Convince yourself that the following implementation computes the triangles correctly, assuming the NetworkX implementation is correct.

In [None]:
def build_actor_network(casts):
    from itertools import combinations
    actors = gather_actors(casts)
    G = networkx.Graph()
    G.add_nodes_from(actors.keys())
    for movie in casts:
        for ai, aj in combinations(movie["cast"], 2):
            G.add_edge(ai['link'][0], aj['link'][0])
    return G

G_casts = build_actor_network(casts_json)
ntri_nx, tricounts_nx = count_triangles_nx(G_casts, ret_tricounts=True)
print("Found ~ {:.1f} million triangles in all.".format(ntri_nx*1e-6))

In [None]:
t_nx = %timeit -o count_triangles_nx(G_casts) # Uncomment for timing info

**Exercise 2** (3 points). Try a matrix-based approach to counting triangles. Compare its speed against the NetworkX-based method above. As output, produce a dictionary named **`tricounts`**, where **`tricounts[link]`** stores the triangle count for the actor whose link is given by `link`.

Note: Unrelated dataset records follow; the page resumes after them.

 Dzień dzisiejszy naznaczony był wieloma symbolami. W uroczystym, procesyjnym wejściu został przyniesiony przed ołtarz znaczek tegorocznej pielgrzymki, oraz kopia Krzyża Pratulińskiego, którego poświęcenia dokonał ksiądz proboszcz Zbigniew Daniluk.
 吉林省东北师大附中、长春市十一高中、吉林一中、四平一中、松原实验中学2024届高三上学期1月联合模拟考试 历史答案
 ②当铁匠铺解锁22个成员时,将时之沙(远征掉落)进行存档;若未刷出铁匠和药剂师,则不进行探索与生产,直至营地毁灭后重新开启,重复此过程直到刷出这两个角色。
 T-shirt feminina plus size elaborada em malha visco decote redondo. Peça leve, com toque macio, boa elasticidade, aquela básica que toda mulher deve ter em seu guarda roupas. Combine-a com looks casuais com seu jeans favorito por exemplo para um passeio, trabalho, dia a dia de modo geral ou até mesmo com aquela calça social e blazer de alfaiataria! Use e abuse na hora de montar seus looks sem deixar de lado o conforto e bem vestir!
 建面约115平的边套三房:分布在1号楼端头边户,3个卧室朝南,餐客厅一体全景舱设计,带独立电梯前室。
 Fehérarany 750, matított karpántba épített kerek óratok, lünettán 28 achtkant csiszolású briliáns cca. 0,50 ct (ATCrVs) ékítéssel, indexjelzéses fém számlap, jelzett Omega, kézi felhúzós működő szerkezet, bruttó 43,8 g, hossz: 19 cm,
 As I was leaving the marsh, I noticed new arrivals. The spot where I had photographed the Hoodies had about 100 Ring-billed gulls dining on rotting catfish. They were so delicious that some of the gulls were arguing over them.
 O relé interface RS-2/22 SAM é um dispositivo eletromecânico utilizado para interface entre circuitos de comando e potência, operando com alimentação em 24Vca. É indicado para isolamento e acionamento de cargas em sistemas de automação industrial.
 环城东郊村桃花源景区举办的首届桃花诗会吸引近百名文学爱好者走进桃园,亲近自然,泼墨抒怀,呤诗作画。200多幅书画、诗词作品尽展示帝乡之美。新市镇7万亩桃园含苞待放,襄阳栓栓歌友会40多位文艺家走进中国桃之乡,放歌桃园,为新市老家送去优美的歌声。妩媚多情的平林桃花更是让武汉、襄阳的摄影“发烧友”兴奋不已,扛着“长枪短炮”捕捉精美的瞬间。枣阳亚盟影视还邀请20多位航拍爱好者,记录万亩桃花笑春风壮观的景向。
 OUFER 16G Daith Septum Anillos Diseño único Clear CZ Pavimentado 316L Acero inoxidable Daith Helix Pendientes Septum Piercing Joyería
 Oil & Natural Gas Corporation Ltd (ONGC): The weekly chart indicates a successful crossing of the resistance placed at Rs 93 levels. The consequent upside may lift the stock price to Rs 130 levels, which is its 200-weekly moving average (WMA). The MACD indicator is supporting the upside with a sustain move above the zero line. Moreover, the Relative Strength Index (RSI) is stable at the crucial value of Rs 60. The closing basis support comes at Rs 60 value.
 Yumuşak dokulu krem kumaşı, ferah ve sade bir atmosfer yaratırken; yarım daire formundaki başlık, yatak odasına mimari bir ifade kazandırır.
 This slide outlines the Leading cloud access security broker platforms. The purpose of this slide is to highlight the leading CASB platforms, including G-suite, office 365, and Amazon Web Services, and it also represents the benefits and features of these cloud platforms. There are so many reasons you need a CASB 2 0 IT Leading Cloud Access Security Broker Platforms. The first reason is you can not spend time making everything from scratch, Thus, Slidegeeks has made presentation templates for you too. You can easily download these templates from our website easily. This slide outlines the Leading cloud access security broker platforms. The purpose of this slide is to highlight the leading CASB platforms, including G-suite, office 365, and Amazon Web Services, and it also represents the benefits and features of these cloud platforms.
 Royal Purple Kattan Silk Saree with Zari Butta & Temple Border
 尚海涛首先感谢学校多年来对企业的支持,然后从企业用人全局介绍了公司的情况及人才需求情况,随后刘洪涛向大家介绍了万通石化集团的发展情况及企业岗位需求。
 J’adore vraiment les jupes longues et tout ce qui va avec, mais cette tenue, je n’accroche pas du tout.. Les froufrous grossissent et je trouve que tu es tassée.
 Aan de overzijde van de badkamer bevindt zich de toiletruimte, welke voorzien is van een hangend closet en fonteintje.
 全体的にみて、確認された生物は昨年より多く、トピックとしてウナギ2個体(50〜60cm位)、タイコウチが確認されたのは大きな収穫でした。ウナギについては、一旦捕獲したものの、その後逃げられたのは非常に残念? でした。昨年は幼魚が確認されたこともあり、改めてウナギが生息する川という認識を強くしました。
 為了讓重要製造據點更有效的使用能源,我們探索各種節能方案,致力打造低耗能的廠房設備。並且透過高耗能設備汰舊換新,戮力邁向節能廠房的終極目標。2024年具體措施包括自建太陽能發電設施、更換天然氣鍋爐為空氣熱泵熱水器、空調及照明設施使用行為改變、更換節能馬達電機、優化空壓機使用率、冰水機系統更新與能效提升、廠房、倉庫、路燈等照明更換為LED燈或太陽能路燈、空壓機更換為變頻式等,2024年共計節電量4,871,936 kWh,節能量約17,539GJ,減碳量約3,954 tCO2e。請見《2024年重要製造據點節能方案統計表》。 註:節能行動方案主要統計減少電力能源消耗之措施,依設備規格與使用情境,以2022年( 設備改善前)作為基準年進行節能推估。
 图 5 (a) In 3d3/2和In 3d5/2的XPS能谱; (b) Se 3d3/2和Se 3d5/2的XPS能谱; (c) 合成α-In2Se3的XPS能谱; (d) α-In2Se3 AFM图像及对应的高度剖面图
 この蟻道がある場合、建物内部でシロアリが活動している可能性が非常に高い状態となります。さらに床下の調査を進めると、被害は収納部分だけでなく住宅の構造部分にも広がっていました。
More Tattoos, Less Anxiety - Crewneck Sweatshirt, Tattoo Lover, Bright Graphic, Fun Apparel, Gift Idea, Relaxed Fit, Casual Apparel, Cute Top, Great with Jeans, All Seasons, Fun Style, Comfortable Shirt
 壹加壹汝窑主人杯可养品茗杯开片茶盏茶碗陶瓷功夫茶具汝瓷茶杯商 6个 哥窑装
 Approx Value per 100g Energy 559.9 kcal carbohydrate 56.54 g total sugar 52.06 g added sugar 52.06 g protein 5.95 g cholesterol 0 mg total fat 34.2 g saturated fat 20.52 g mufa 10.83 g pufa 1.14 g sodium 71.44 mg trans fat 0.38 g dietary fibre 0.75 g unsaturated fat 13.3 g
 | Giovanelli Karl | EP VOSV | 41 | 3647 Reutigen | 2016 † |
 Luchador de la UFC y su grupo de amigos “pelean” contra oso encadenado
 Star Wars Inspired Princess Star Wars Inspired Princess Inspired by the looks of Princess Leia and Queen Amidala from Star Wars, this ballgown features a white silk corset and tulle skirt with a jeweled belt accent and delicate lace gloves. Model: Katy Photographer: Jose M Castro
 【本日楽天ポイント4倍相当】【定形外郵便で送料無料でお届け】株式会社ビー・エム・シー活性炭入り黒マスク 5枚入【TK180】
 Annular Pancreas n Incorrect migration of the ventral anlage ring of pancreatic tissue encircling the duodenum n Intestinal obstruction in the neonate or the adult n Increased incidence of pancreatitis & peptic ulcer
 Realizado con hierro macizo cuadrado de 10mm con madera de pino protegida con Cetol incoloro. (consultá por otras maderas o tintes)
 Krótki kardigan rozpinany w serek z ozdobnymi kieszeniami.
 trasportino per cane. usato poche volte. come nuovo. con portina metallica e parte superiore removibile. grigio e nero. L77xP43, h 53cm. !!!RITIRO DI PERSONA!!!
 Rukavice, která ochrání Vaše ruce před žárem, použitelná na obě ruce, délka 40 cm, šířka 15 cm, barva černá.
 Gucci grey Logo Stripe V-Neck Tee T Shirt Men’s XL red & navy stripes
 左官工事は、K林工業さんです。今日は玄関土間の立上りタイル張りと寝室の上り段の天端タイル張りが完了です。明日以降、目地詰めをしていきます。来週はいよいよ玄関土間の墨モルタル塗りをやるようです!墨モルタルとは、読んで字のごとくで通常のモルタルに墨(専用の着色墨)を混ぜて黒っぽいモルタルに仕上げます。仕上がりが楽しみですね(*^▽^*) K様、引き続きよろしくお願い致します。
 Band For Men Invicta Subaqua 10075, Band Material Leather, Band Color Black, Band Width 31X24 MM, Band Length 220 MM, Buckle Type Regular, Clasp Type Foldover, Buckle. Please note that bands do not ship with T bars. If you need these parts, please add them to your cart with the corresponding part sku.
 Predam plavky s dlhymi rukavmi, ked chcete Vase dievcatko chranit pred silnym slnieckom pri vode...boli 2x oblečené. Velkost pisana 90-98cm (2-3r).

> _Remark._ The matrix-based example we gave above stores the graph as a _dense_ matrix. However, the graph itself is actually quite sparse. Therefore, to get a scalable implementation, it will be critical to exploit the sparsity of the actor network. That is, observe that there are nearly $n=13,\!000$ actors in this dataset, so any method that scales like $\mathcal{O}(n^2)$ (or worse) is not likely to finish in a reasonable amount of time.

In [None]:
###
### YOUR CODE HERE
###

In [None]:
# Test cell

for actor in tricounts_nx:
    assert tricounts_nx[actor] == tricounts[actor], \
           "For actor '{}', NetworkX saw {} triangles whereas you saw {}.".format(actors[actor]
                                                                                  , tricounts_nx[actor]
                                                                                  , tricounts[actor])
print("\nPassed!")

**Fin!** That's the end of this problem.